══ Material to process

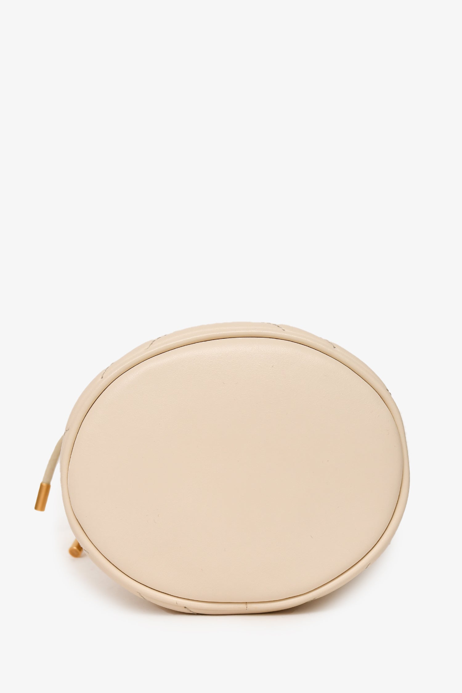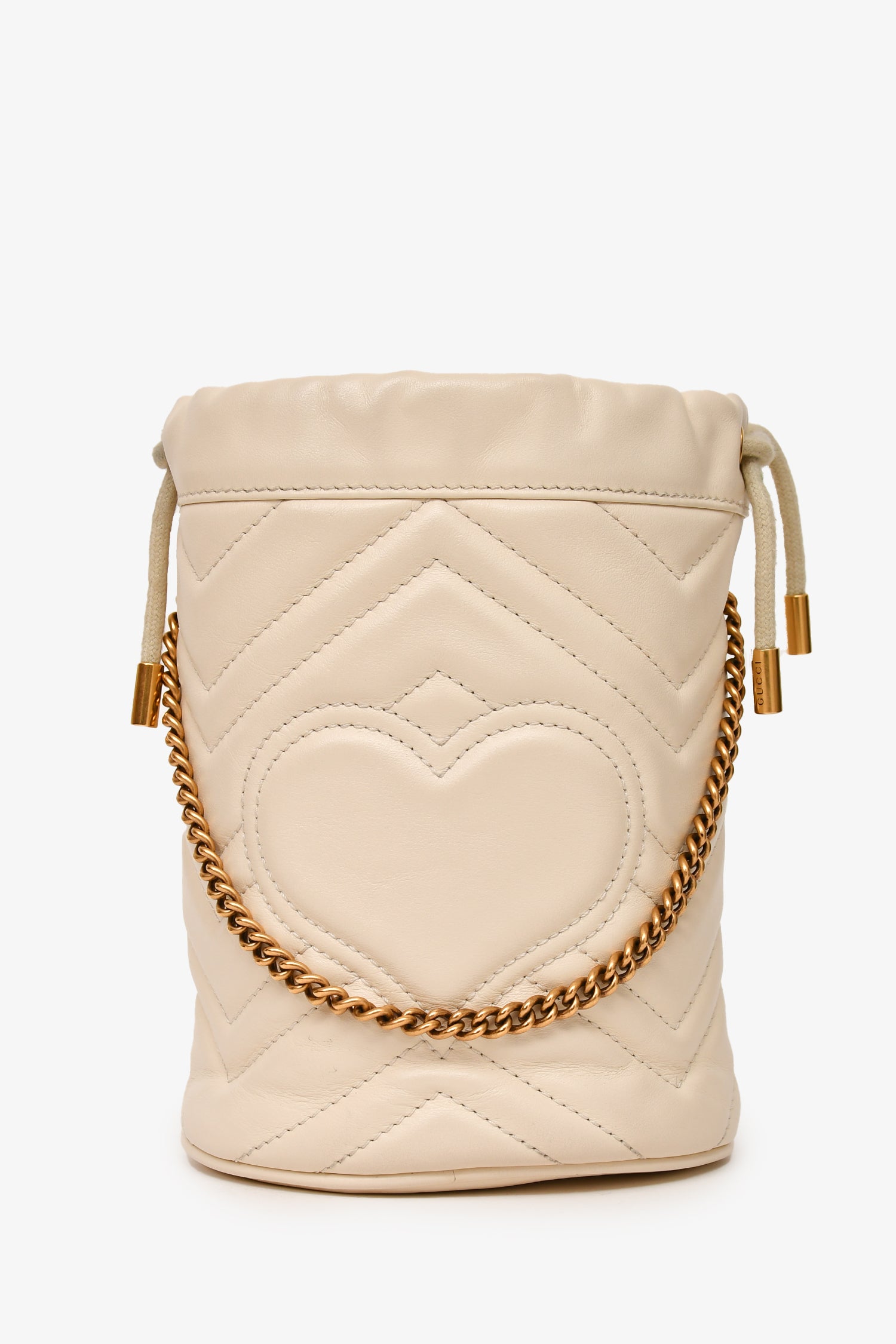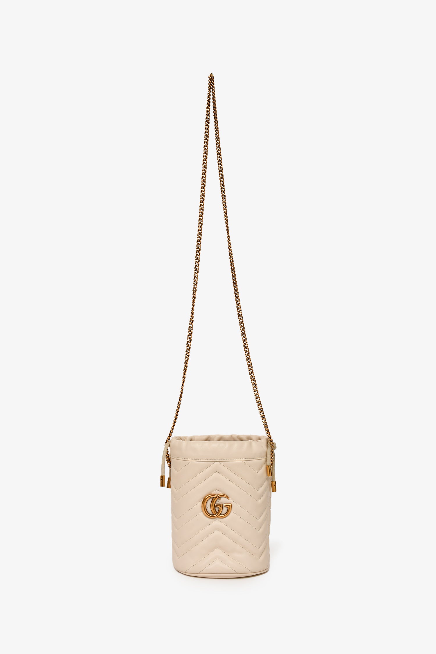 Refresh availabilityGucci White Leather Chevron Quilted Marmont Bucket Bag. Antiqued gold-tone hardware. Suede-lined interior with an interior card pocket. Chain-link strap. Drawstrings. Tonal stitching.
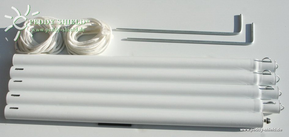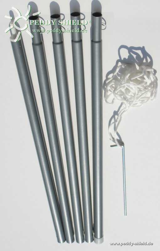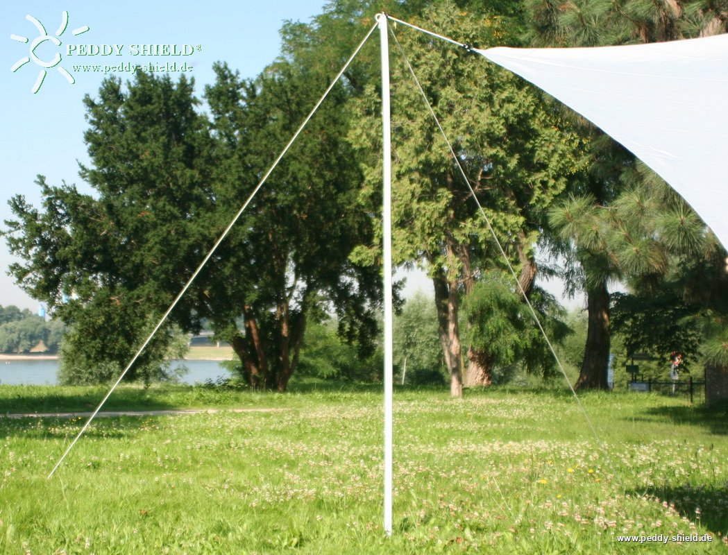 finden Sie hier verschiedene Montagemasten (für dieses Vierecksegel 3x 4 m der Mittelschwere Montagestab oder der elegante Aluminium-Telskomast mit dem passenden Schraub-Erdanker (siehe auch Fotogalerie).
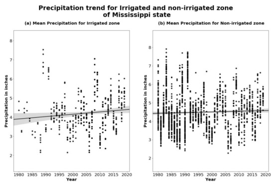 Trends for seasonal precipitation change for (a) irrigated zones and (b) non–irrigated zones of the Mississippi State from 1980 to 2019.
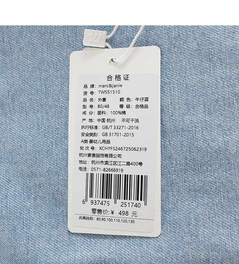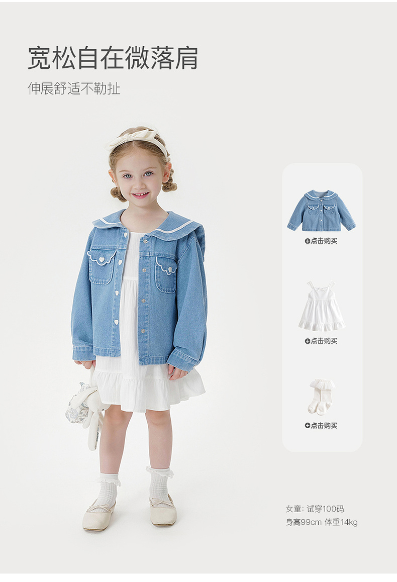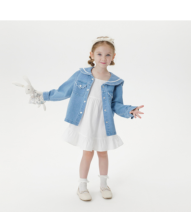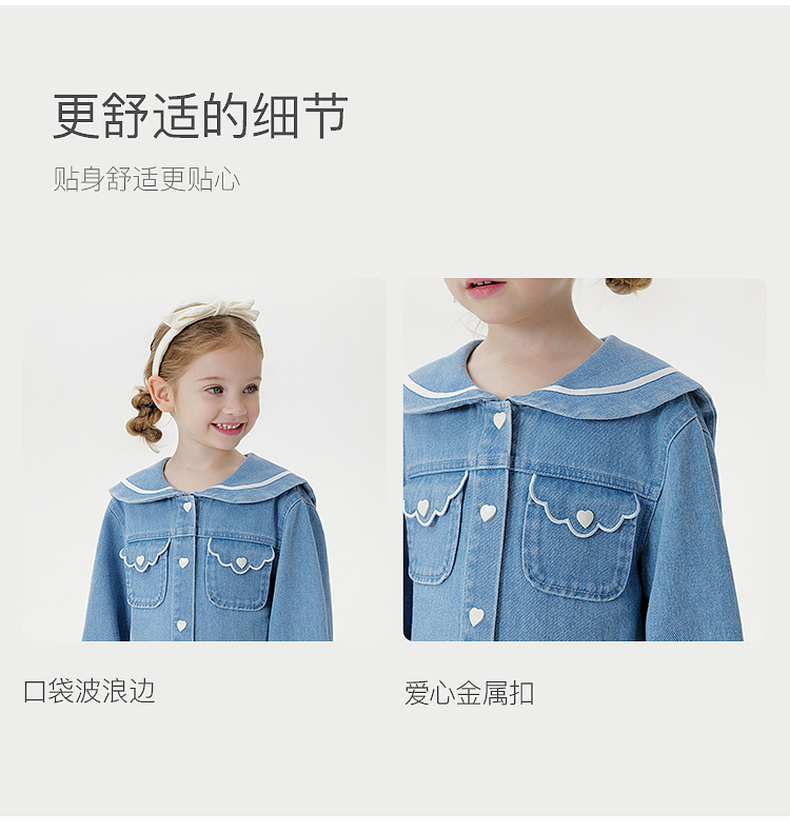 马克珍妮女童元气海军领纯棉牛仔外套2025年秋装新款551510
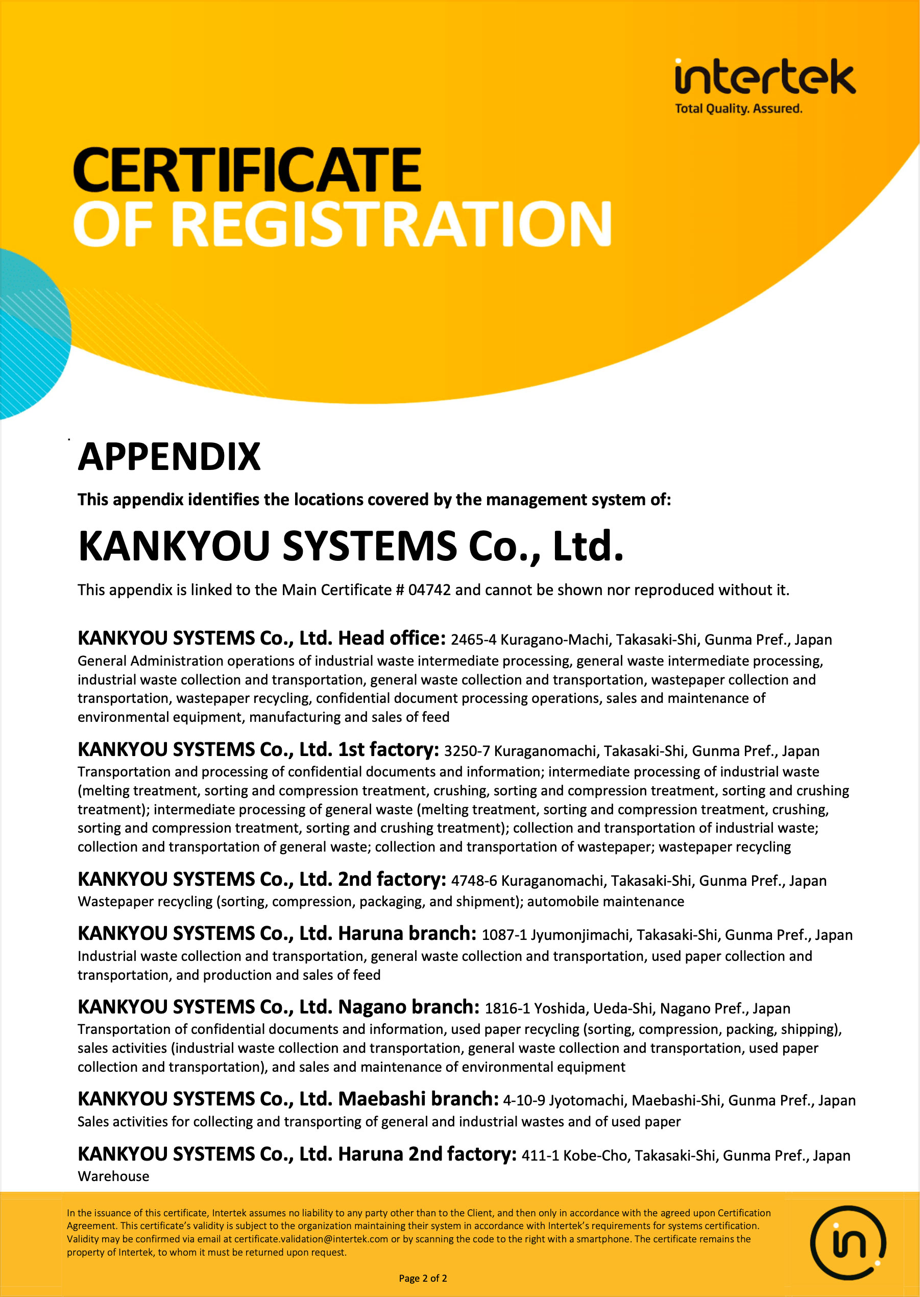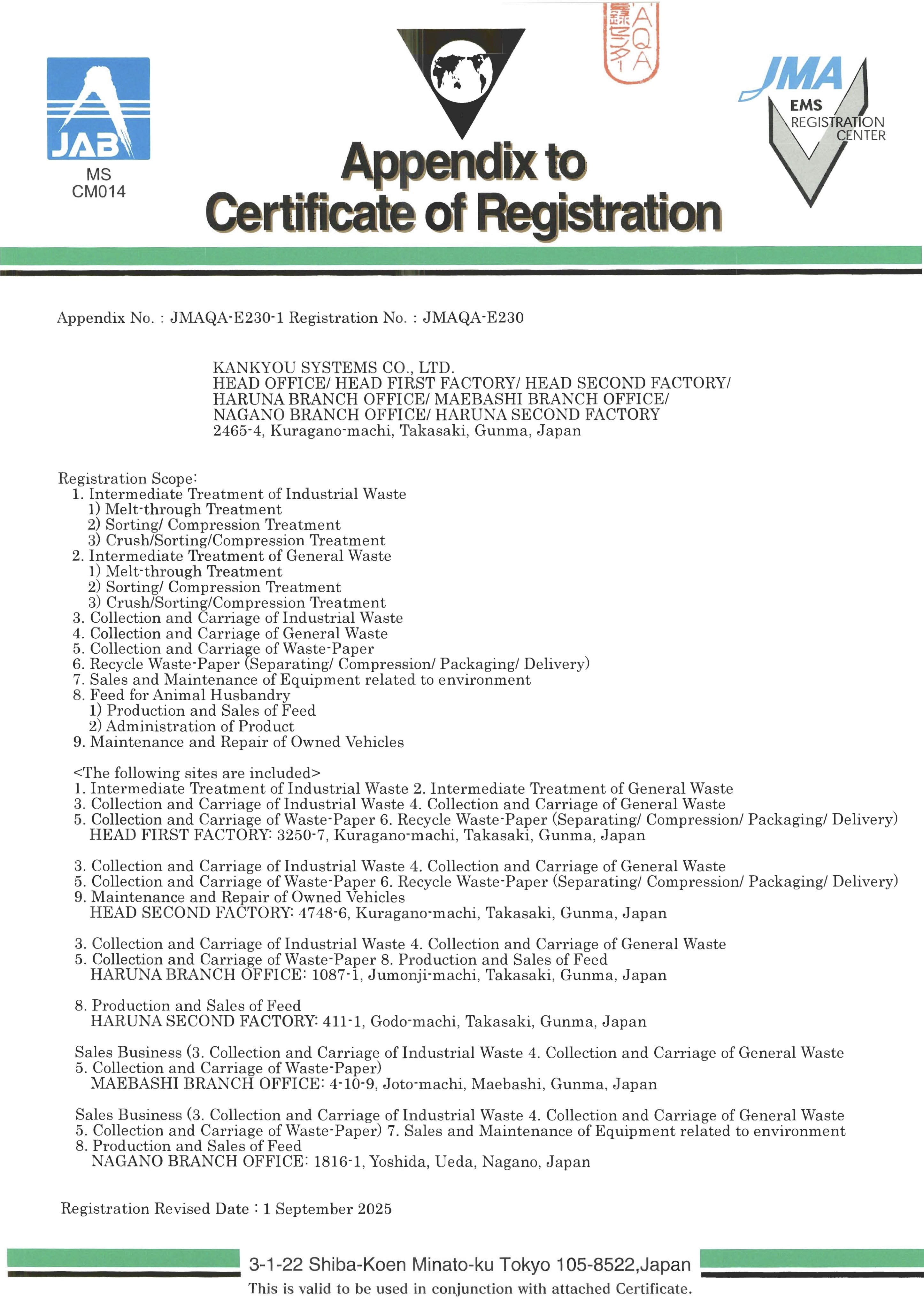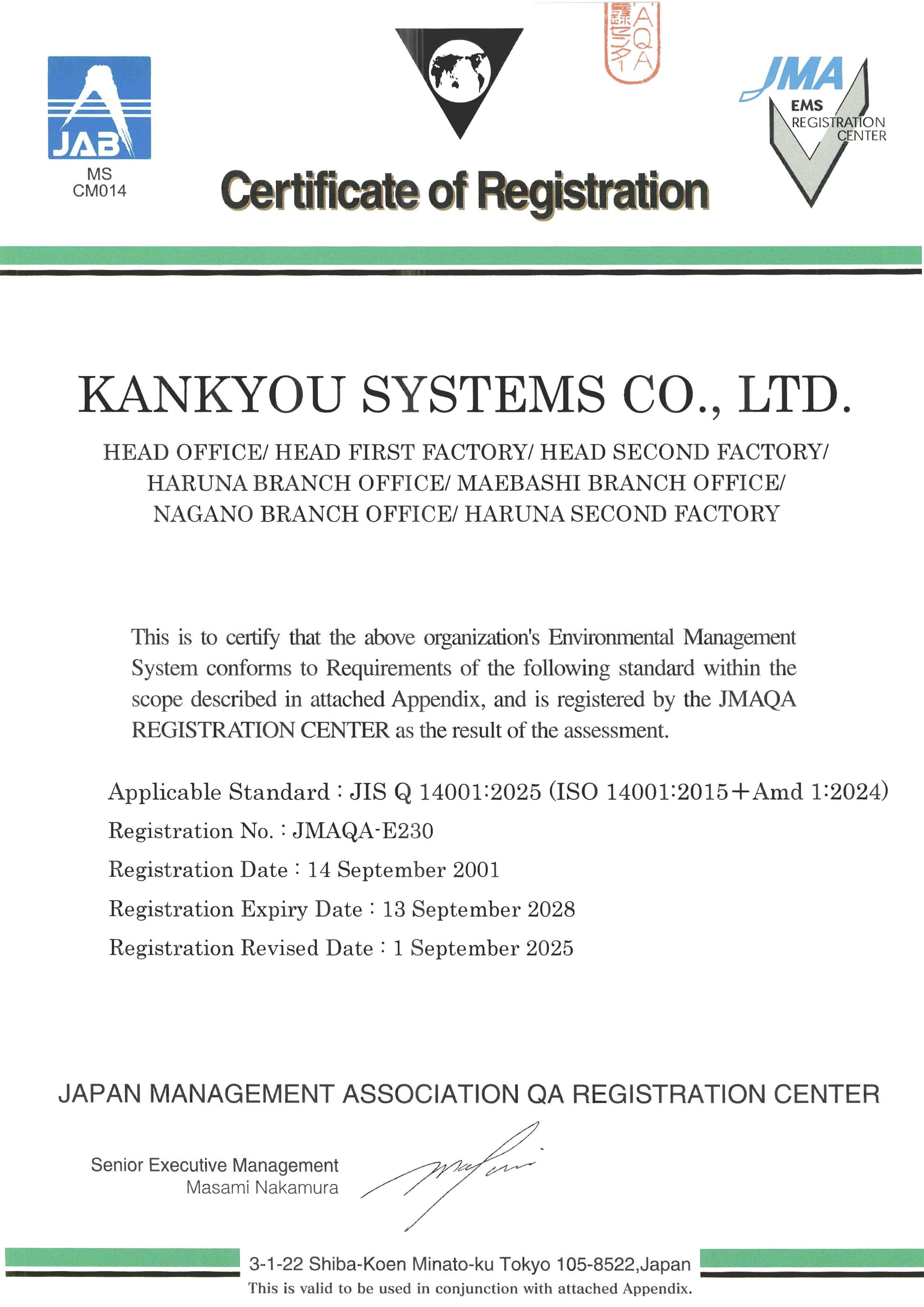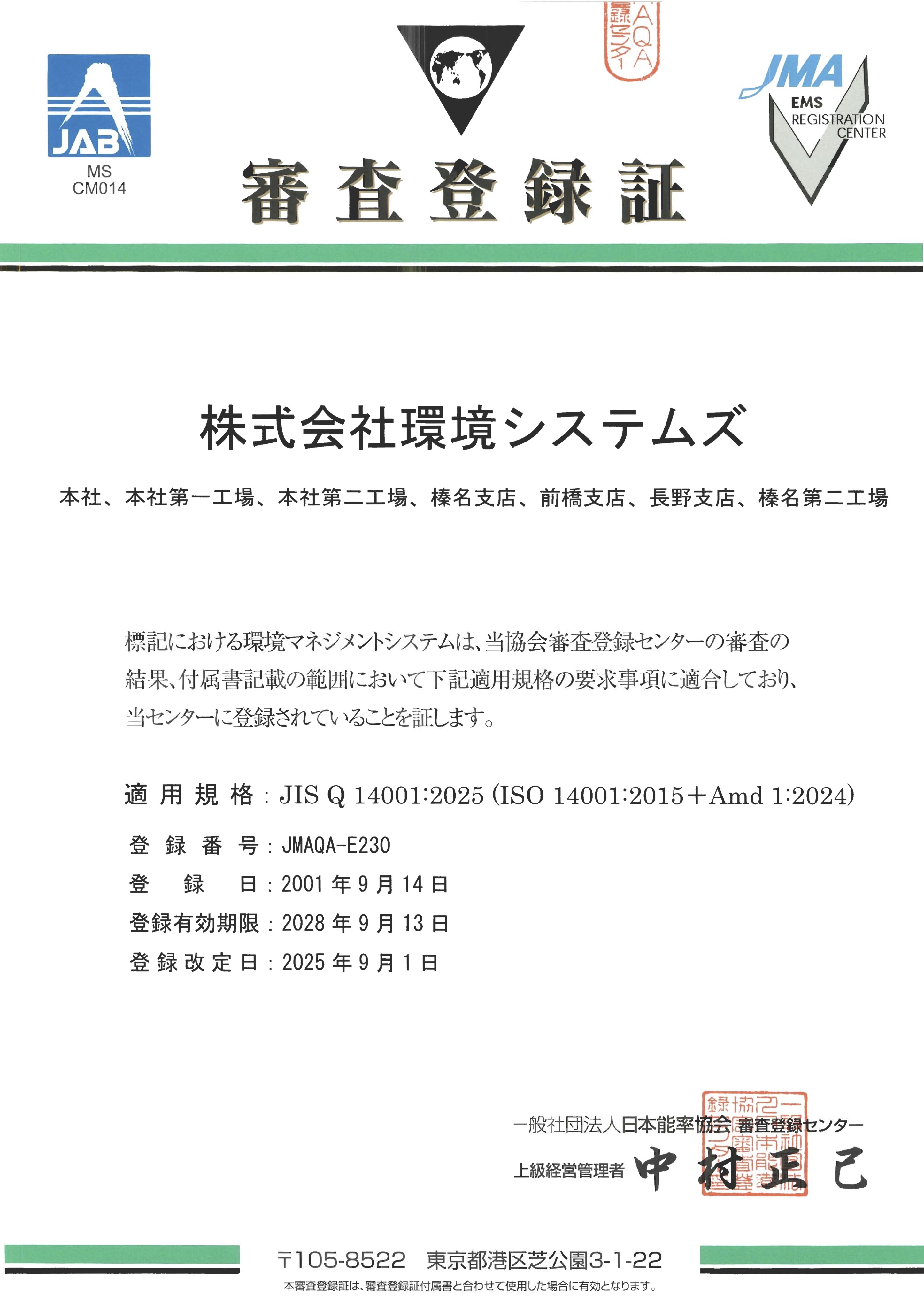 さらに、2004年版規格への改定にも対応し、今後もISO14001の活動を通して循環型社会の構築に貢献いたします。

════

→ Exercise objective
Return the lines from the one containing "finden Sie hier" through the last line of the records, both included, exactly as written and with no pictures.

→ Task answer
 finden Sie hier verschiedene Montagemasten (für dieses Vierecksegel 3x 4 m der Mittelschwere Montagestab oder der elegante Aluminium-Telskomast mit dem passenden Schraub-Erdanker (siehe auch Fotogalerie).
 Trends for seasonal precipitation change for (a) irrigated zones and (b) non–irrigated zones of the Mississippi State from 1980 to 2019.
 马克珍妮女童元气海军领纯棉牛仔外套2025年秋装新款551510
 さらに、2004年版規格への改定にも対応し、今後もISO14001の活動を通して循環型社会の構築に貢献いたします。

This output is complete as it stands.